Environ 50 000 arrêts cardiaques (AC) surviennent chaque année en France et la survie des patients qui en sont victimes reste faible, de l’ordre de 3-5 %. La réanimation cardiopulmonaire (RCP) qui rassemble l’ensemble des méthodes thérapeutiques proposées devant un AC, fait l’objet de recommandations nationales, européennes, et internationales régulièrement mises à jour.1-3 L’assistance circulatoire a été proposée au cours de la RCP des AC réfractaires dès 1976.4 Toutefois, son utilisation dans cette indication est restée longtemps limitée aux AC hypothermiques et aux AC survenant dans le contexte de la chirurgie cardiothoracique. En effet, des essais cliniques peu encourageants sur l’amélioration du pronostic avaient été initialement rapportés.5,6 La simplification et la miniaturisation des techniques d’assistance circulatoire ont permis une utilisation de celle-ci de plus en plus fréquente, notamment dans certains services de chirurgie cardiothoracique et de réanimation. Très récemment, des résultats intéressants ont été publiés par différentes équipes en France et à Taiwan, sur des cohortes monocentriques rétrospectives et prospectives. Il s’agit surtout d’AC d’origine toxique ou cardiaque, survenant essentiellement en intrahospitalier.7-9 Dans ces populations très sélectionnées, des survies sans séquelle neurologique importante ont été rapportées dans 20 à 30 % des cas. 7-9 Toutefois, les données préliminaires de l’assistance circulatoire pour les AC pré-hospitaliers en France sont décevantes avec moins de 1% de survie.10 Il faut souligner les délais de mise en place de l’assistance circulatoire pour un AC préhospitalier actuellement beaucoup plus longs que ceux rapportés par les études retrouvant une amélioration de survie des AC intra-hospitaliers. Ces résultats amènent logiquement les médecins confrontés à la RCP des AC, à se poser des questions sur les indications et contreindications potentielles de cette technique d’exception, en particulier leur extension aux AC préhospitaliers, et les autorités de santé à se poser des questions sur la place de ces techniques coûteuses tant sur le plan des ressources financières que des ressources humaines.

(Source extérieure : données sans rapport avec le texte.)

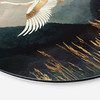 Manchmal sind es die kleinen Dinge, die uns glücklich machen. Bei der Wohnungseinrichtung ist das nicht anders. Dieses Bild lässt einen Raum offen und einladend wirken. Lass dich von unseren Deko-Ideen inspirieren und verleihe deinem Zuhause einen ganz eigenen Stil. Der Grafik-Kunstdruck von SpaceFrog Designs zeigt einen Kranich in Weiss und Gold, der mit ausgebreiteten Flügeln über eine Graslandschaft fliegt. Im Hintergrund sind dunkle Berge zu sehen. Dieses runde Wandbild bringt einen Farbtupfer, der deinem Zuhause einen ganz neuen Look verleiht.

Plusieurs craintes sous-jacentes à ces questions méritent d’être soulignées :
- 1) la crainte qu’un développement anarchique de l’assistance circulatoire dans l’AC pré-hospitalier ne soit finalement nuisible à son essor en raison de résultats très médiocres dans des indications mal choisies ;
- 2) la crainte de favoriser la survie de patients avec des séquelles neurologiques considérables, sources de souffrance pour ces patients et leurs proches (encore que l’évolution neurologique défavorable des cas rapportés se soit faite vers la mort encéphalique et non vers un état de coma chronique) ; 7-9
- 3) la crainte d’une inhomogénéité des critères retenus en France étant donnée l’absence actuelle de données solides de la science médicale sur les indications et contre-indications de cette techAniuqsusei. les sociétés savantes médicales françaises concernées par ce problème, sous l’égide de la Direction Générale de la Santé et de la Direction des Hôpitaux et de l’Organisation de la Santé, ont mandaté un groupe d’experts afin d’élaborer un texte de recommandations destiné aux médecins confrontés aux AC. Ce texte reflète un consensus d’experts issus de différentes disciplines médicales et chirurgicales à un moment donné et est tout particulièrement susceptible d’être modifié en fonction des avancées dans ce domaine particulièrement dynamique.

 Objectifs :

Proposer des indications et contre-indications de l’assistance circulatoire dans la réanimation des AC réfractaires intra et extra-hospitaliers. Le groupe d’experts est unanime pour souligner à ce stade qu’il ne s’agit que d’indications potentielles car il ne peut y avoir, pour l’instant, une injonction à pratiquer ce qui reste une thérapeutique d’exception dont on ne connaît pas actuellement le bénéfice et qui n’est pas disponible partout et à tout moment.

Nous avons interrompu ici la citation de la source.